22 ноября 1999 года.

Пригород Карденаса



      Ветер не утихал уже двое суток, вселяя тревогу не только в нестройные колонны океанских волн, но и в сердца полдюжины людей, решивших покинуть родину и доверившихся лоцману-дилетанту по имени Ласаро Мунеро.

– Там рай, – говорил человек с болтающимся на ремне мачете*, но маленький Элиансито почему-то сомневался в этом, глядя на мутное небо, размывшее горизонт и противного черного грифа с красной головой, парящего над убогим баркасом – ковчегом для обреченных на опасное странствие.

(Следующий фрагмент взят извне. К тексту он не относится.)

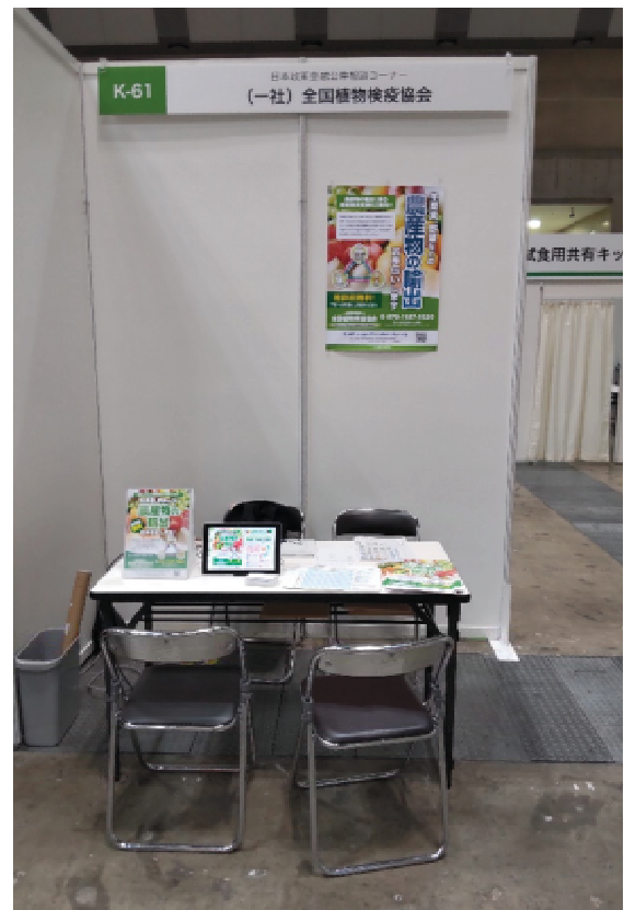
(アグリフードEXPO東京で設置したブース)

なお、主催者によると本イベントの出展者数 465 先、来場者数は 8,889 人とのことであった。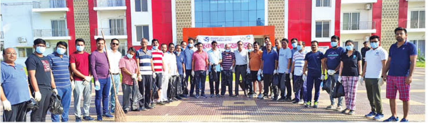
केएसटीपीपी में स्वच्छता पखवाड़े के आयोजन का दृश्य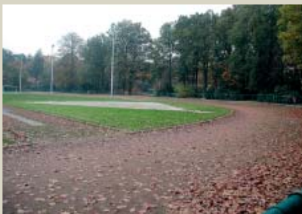
De atletiekpiste in het gemeentepark wordt volledig uitgevoerd in kunststof.

den voorgelegd, zodat in januari 2005 met de aanbesteding kan begonnen worden. De werken omvatten de volledige renovatie aan de gehele atletiekinfrastructuur, waarbij de atletiekpiste en aanliggende zones geheel in kunststof worden aangelegd. De 100-meterbaan wordt uitgebreid tot 8 banen, een nieuwe polsstokspringzone wordt gecreëerd en de zones voor de overige kampnummers worden hertekend. Tevens zal een aantal technische bijhorigheden, zoals de kooi voor hamerslingers en valmat voor hoogspringen, worden vervangen.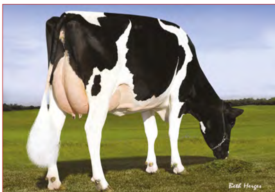
MMM: Pine Tree 2149 Robst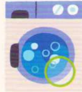
washing machine mașină de spălat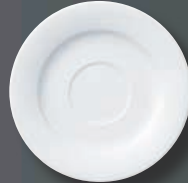
OCR-Nr. 16-4004-1250 | Saucer · Soucoupe Untere · Plato para taza · Piattino tazza Ø 180 mm · 7 in. (Cup, Tasse, Tasse, Taza, Tazza OCR-Nr. -1360, -1905, -2513, -2514, -4870, -4891, -4895)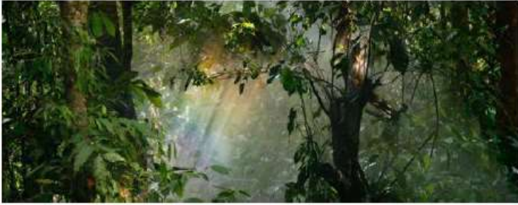
Principle 1: Protection of biodiverse and carbon rich areas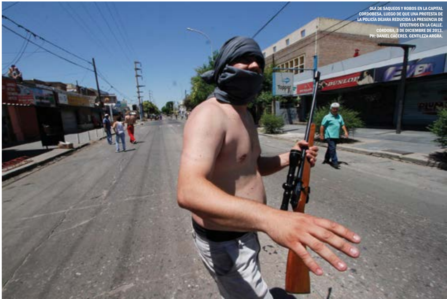
OLA DE SAQUEOS Y ROBOS EN LA CAPITAL CORDOBESA, LUEGO DE QUE UNA PROTESTA DE LA POLICÍA DEJARA REDUCIDA LA PRESENCIA DE EFECTIVOS EN LA CALLE. CÓRDOBA, 3 DE DICIEMBRE DE 2013.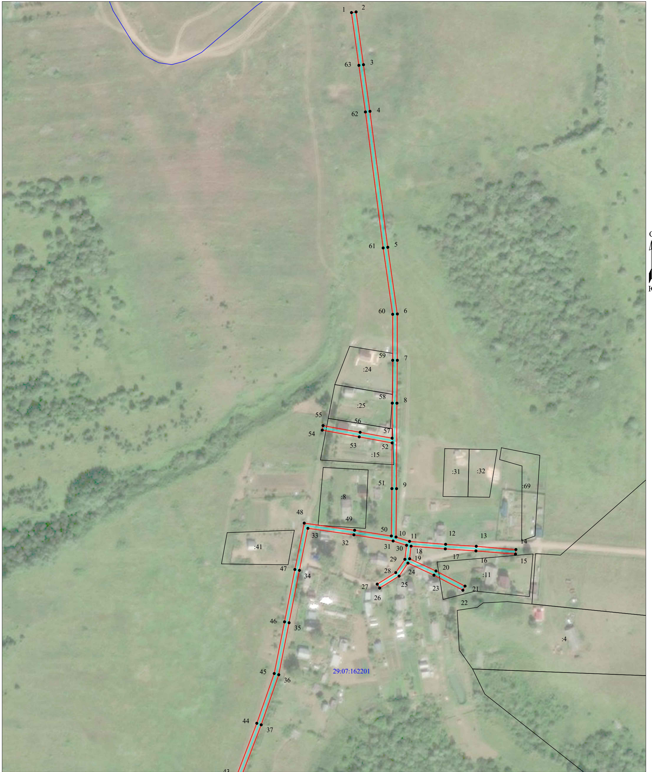
Схема расположения границ публичного сервитута объекта электросетевого хозяйства: «ВЛ-0,4кВ Песчанка», расположенного по адресу: Архангельская область, Котласский район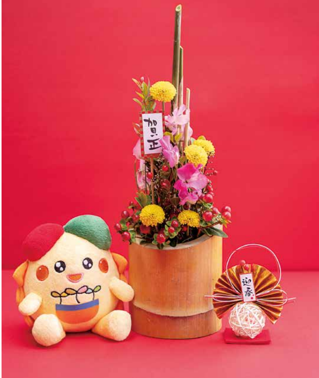
デザイン・製作 ● 吉野花壇 (代表) 吉野恒男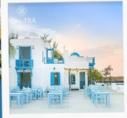
ซานตารีนาคาเฟ่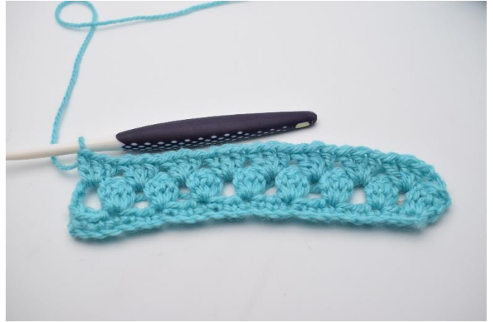
14. Sådan gentages rækken ud. Afslut rækken med 1 stgm gruppe i mellem sidste stgm gruppe og de 3 lm på forrige række.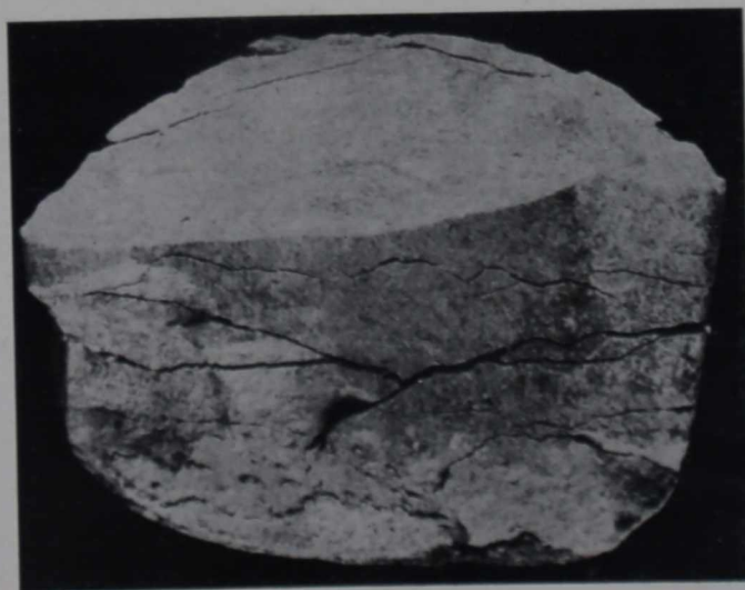
Вид статуэтки снизу (до реставрации)

Основной и главной задачей реставрации было прекращение процесса разрушения камня. Простая склейка трещин и кусков не могла ликвидировать этот процесс. Надо было так связать ча-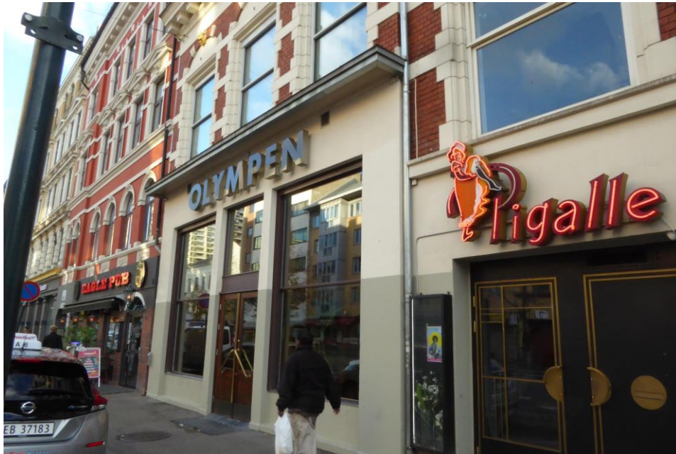
Figur 6. Restauranter med lang fartstid i området (Fotografi tatt av forfatteren).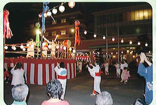
▲夏祭りムード! 最高潮に!!

当日は天候が心配されましたが、みなさんの熱い思いが通じたおかげで、無事に夏祭りを開催することができました。日本の夏をイメージするわらびもち、かき氷やねぎま、焼きそばなど香ばしいにおいが夏祭り会場に漂い、模擬店にはたくさんの列が並び、大いににぎわいをみせていました。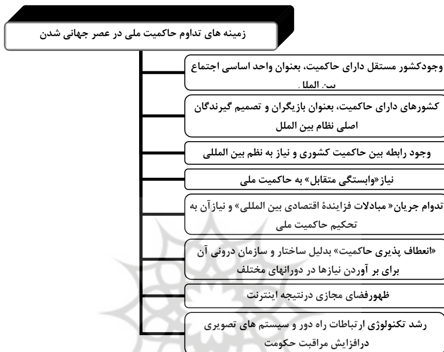
شکل (۲) زمینه های تداوم حاکمیت ملی در عصر جهانی شدن (ترسیم از: نگارندگان)

همچنین، برخی مانند «تامسون» و «کراسنر» با زیر سوال بردن این ادعا که «وابستگی متقابل»، حاکمیت را تهدید می کند، استدلال می کنند که وابستگی متقابل به جای تهدید حاکمیت، خود نیازمند آن است. حکومت هایی دارای حاکمیت هستند که به تضمین و تثبیت حقوق مالکیت می پردازند و این خود، از شرایط لازم برای جریان بین المللی کالا و سرمایه است. مطابق با این استدلال، تحکیم حاکمیت خود از شرایط لازم برای جریان یافتن مبادلات فزاینده اقتصادی بین المللی است (Thomson and krasner, 1989: 197-198). «تامسون و کراسنر»، بر این اساس، هر گونه امکان بالقوه برای دگرگونی ساختاری عمده را که از پایین در رژیم حاکمیت رخ دهد، رد می کنند (Thomson and krasner, 1989: 216)، زیرا که وابستگی متقابل پیوسته نیازمند «تداوم» رژیم حاکمیت برای حفظ و پیگیری خود است. «کراسنر» در جای دیگر نیز همین استدلال اصلی را با تفصیلی بیشتر تکرار می کند. به نظر وی شواهد و سابقه تاریخی بسیار پیچیده تر از آن است که با تصور رایج درباره تهدید کنترل موثر حکومتی از جانب وابستگی متقابل مطابقت کند. بدین معنی که، کنترل موثر حکومتی به هر حال در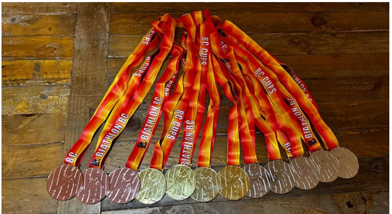
La moisson de médailles pour la France, chacun(e) au moins une !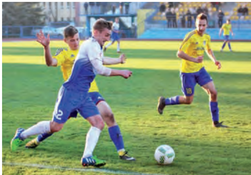
KS Kutno pokonał 2:1 rywala Orkan Buczek w ostatnim meczu rundy jesiennej rozgrywek IV łódzkiej ligi.

Zdobyta bramka spowodowała jeszcze bardziej zaciekle dążenie do doprowadzenia do remisu. Jednak gospodarzom udało się

      Люди перетаскивали баулы с вещами, несмело ступая по ржавому трапу, еле слышно, с оглядкой браня самоуверенного командора. Они наспех прощались с немногочисленными родственниками, глаза которых то и дело увлажняли неподконтрольные разуму слезы.

      Черный гриф-индейка, известный поедатель падали, теперь кружил над баркасом не один, созвав целую стаю красноголовых собратьев. Растопырив жидкие крылья, они то пикировали к прибрежным скалам, то взмывали в высь. Непостижимая траектория их полетов была сродни хаосу, царящему в настроениях беженцев. Мечущихся птиц, не способных определиться с нужной высотой, кое-кто из провожавших посчитал предвестницами беды.

      У одной из молодых женщин по имени Арианна, отважившейся отправиться в рискованное плавание с пятилетней дочуркой, сдали нервы. Легкая перебранка с Ласаро дала ей понять, что вытребовать свою тысячу, уплаченную в качестве предоплаты за перевоз, она не сможет ни при каких обстоятельствах, так как деньги якобы уже израсходованы на подготовку экспедиции. Тогда она всучила свое дитя провожавшей матери и, демонстрируя свое пренебрежение то ли к Ласаро, то ли к риску, который теперь грозил только ей, понесла последний узелок на посудину с сомнительной живучестью. Накопить такую сумму еще раз для нее было практически нереально, поэтому иного выхода, на ее взгляд, не оставалось. Переправку своей малышки Эстефани и престарелой мамы она задумала организовать потом… Когда встанет на ноги в США.

– Мам, а почему папа с нами не поехал? – хлопал карими глазенками Элиансито.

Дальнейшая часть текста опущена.